§ **YOUR OBJECTIVE**
Could you copy exactly the lines below from the one with "Chico’s Shirt 2" to the one with "Rare original vintage", inclusive, leaving out any pictures?

§ **LISTED RECORDS**
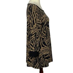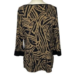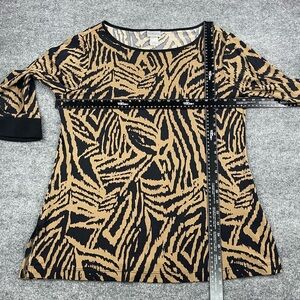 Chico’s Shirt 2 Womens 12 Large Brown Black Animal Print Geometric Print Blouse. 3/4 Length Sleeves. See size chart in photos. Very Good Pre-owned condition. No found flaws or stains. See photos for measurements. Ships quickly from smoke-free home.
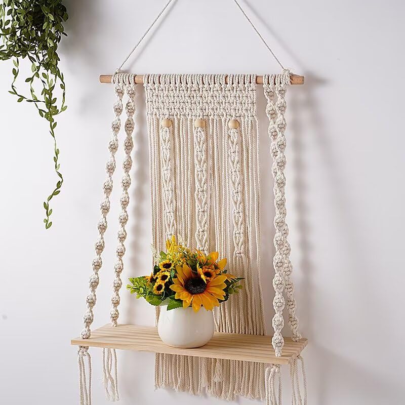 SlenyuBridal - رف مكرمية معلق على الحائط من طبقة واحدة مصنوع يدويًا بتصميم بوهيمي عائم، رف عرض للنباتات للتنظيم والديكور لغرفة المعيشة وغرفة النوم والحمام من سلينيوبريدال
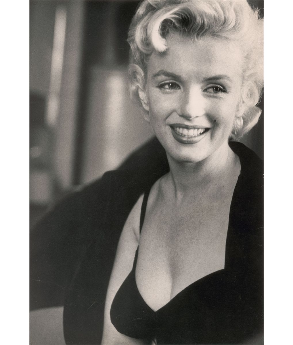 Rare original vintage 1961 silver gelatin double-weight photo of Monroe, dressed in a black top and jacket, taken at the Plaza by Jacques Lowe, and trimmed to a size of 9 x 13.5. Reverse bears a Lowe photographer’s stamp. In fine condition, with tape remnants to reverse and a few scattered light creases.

--

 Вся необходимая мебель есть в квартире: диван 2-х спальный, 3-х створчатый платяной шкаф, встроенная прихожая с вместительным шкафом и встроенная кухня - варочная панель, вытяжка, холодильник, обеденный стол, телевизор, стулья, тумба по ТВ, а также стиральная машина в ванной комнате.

...

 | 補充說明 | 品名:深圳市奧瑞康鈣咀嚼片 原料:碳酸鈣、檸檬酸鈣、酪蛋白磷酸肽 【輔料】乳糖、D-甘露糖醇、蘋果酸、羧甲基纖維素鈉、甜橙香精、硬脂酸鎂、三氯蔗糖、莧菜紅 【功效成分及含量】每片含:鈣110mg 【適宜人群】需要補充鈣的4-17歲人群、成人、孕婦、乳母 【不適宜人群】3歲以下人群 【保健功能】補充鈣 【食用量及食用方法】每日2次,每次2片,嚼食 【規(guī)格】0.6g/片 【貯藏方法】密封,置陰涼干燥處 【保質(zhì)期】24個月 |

§ **ANSWER BOX**
 Chico’s Shirt 2 Womens 12 Large Brown Black Animal Print Geometric Print Blouse. 3/4 Length Sleeves. See size chart in photos. Very Good Pre-owned condition. No found flaws or stains. See photos for measurements. Ships quickly from smoke-free home.
 SlenyuBridal - رف مكرمية معلق على الحائط من طبقة واحدة مصنوع يدويًا بتصميم بوهيمي عائم، رف عرض للنباتات للتنظيم والديكور لغرفة المعيشة وغرفة النوم والحمام من سلينيوبريدال
 Rare original vintage 1961 silver gelatin double-weight photo of Monroe, dressed in a black top and jacket, taken at the Plaza by Jacques Lowe, and trimmed to a size of 9 x 13.5. Reverse bears a Lowe photographer’s stamp. In fine condition, with tape remnants to reverse and a few scattered light creases.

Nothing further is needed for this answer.